Conta davvero essere tanto bravi?

Conta essere bravi, “piu’ o meno”, ma se devo dirla tutta, proprio come in una nota canzone di Lorenzo Cherubini (Jovanotti) direi che conta… “entrare nelle grazie di quelli che contano”, perchè così va la vita e non cambierà mai.

Pensiamo… quanto siamo bravi a scrivere per 50 centesimi e quanto lo siamo a scrivere per un euro e poi via a salire… Piu’ alziamo il prezzo e piu’ dall’altra parte si pretende il massimo, ma il “Massimo” non esiste, ovvero esiste un’idea di testo che deve rispettare i canoni di chi? di cosa? Di quello che il cliente ha in testa o di quello che poi è il messaggio che deve arrivare?

Se ad esempio devo scrivere “un libro felice” perchè non posso parlare del dolore? Perchè scrivendo il dolore mi identifico con esso? Ma devo partire da qualcosa che mi fa male per trovare la soluzione al bene, no? Insomma, conta essere tanto bravi ma conta soprattutto essere “diversi”; non avere paura pur scrivendo di cose spaventose e conta seguire un proprio pensiero e cercare di non cambiarlo mai, ma soprattutto evitare di chiedere troppo spesso scusa per saper esprimere un pensiero che sia qualcosa di piu’ di un semplice soggetto- verbo-predicato (nominale o verbale).

Conta aver studiato latino, greco, conta aver fatto le versioni, conta aver avuto una professoressa comunista al ginnasio, conta aver detto “no”, invece che sì, alle meglio occasioni della vita anche se… ad essere sincera… sincera davvero… specialmente a fine mese, quando devi pagare l’affitto, fare la spesa, ti rendi conto che la sola gratitudine non basta… e allora aumenta la depressione che è anche una bestia peggio dal momento che ti rende incapace di scrivere anche un solo pensiero che abbia un filo logico ed ecco allora che cotanta bravura sfugge… la soluzione? E’ anch’essa molto triste, qualcuno si attacca alla bottiglia, altri finalmente capiscono che è arrivata l’ora di infilarsi nel letto giusto, altri cambiano professione e vanno a vendere broccoli e patate al mercato rionale io… io cerco marito… anche se ancora spero di essere davvero tanto brava…

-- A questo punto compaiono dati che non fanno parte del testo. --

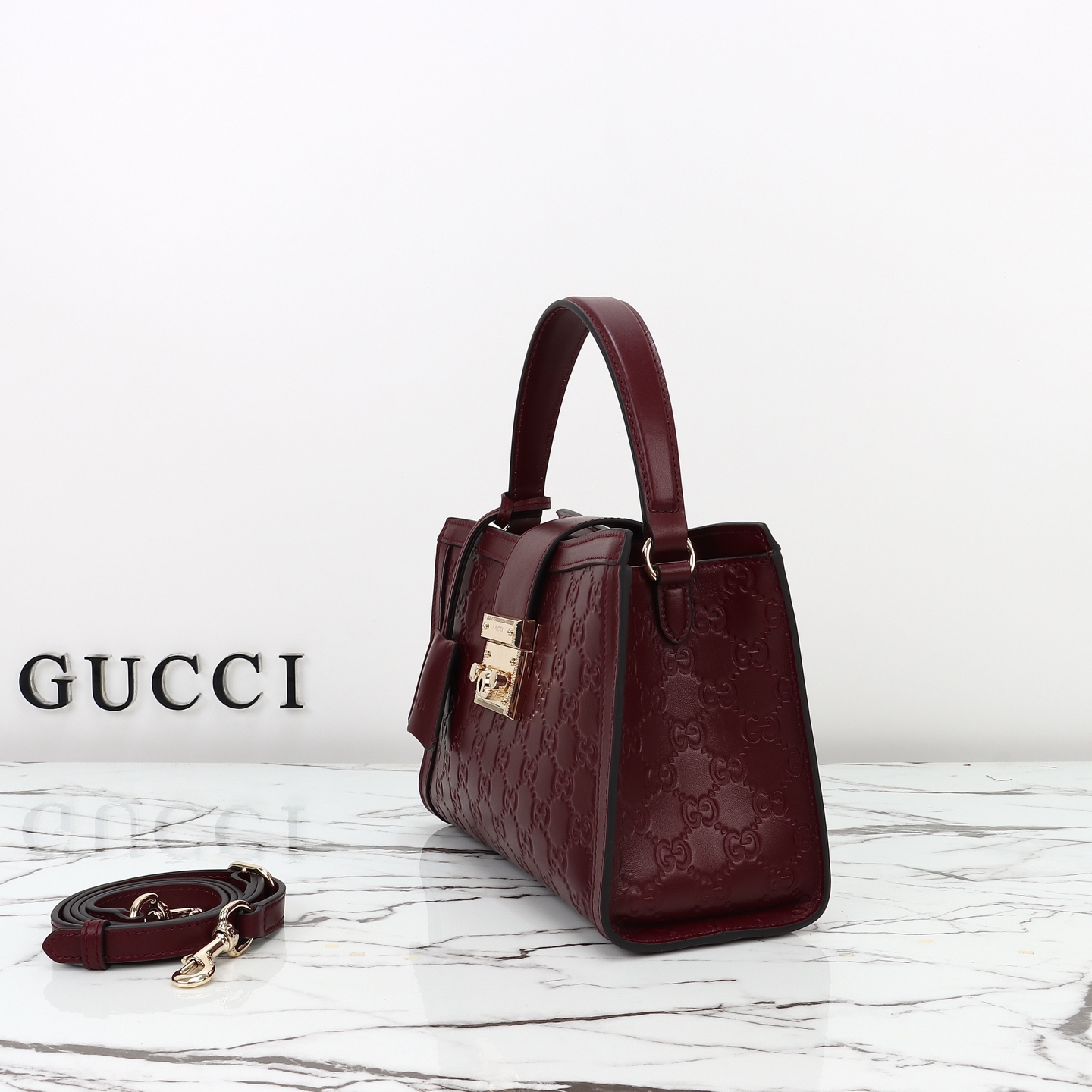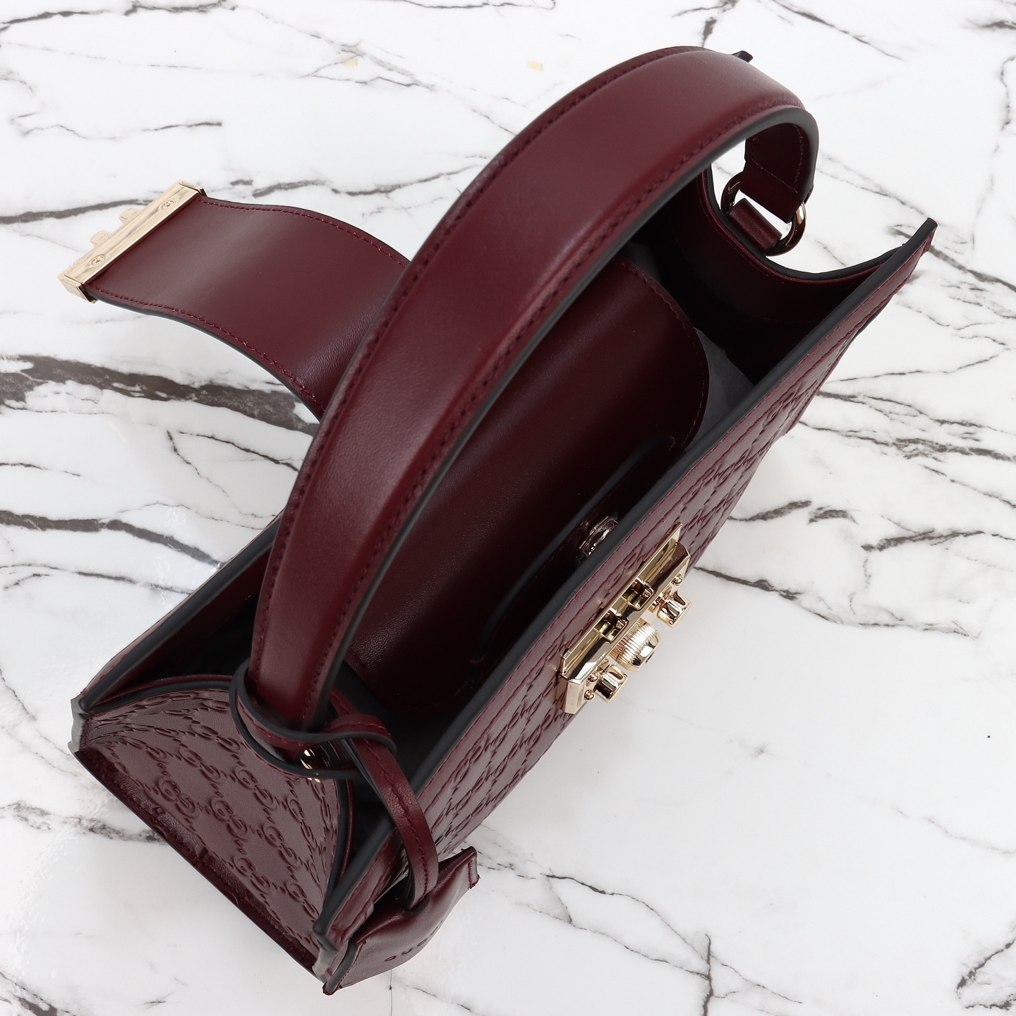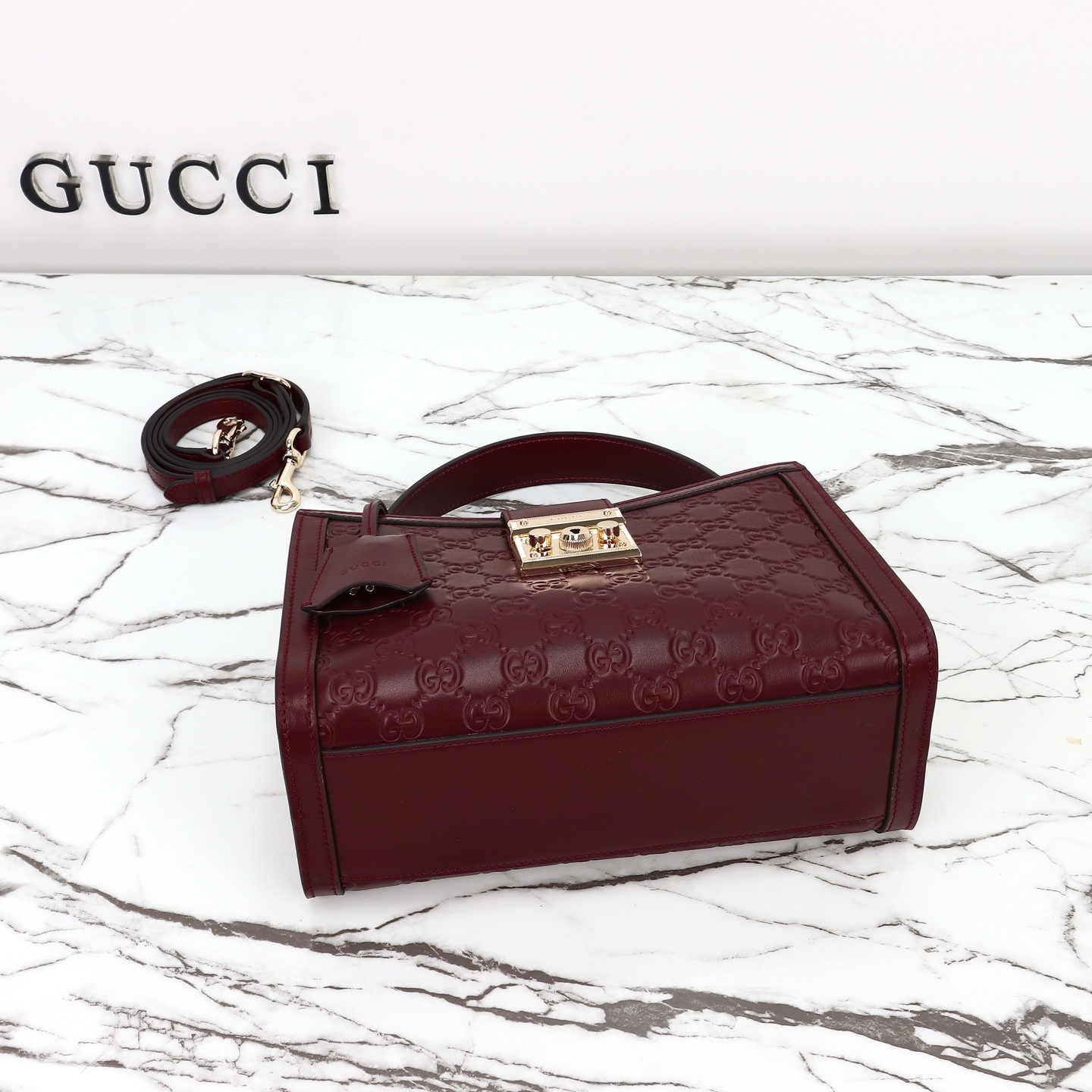 • Gucci Padlock Medium top handle bag in Rosso Ancora red GG leather

Io Scrivo ma tu sai leggere? (Scrivere su commissione)

La peggior cosa che vi possa capitare, ma lo capite purtroppo troppo tardi, è che vi venga commissionato un libro. 

All’inizio siete felici, presi dall’enfasi di questo evento, inutile negare che i libri sono la vera passione di chi svolge questo lavoro, ma piu’ passa il tempo piu’ vi rendete conto che l’affermazione “scrittori si nasce e non si diventa”, rappresenta qualcosa di piu’ di una semplice… affermazione. Chi vi puo’ capire davvero e soprattutto chi vi puo’ sostenere? Nessuno, tranne voi stessi.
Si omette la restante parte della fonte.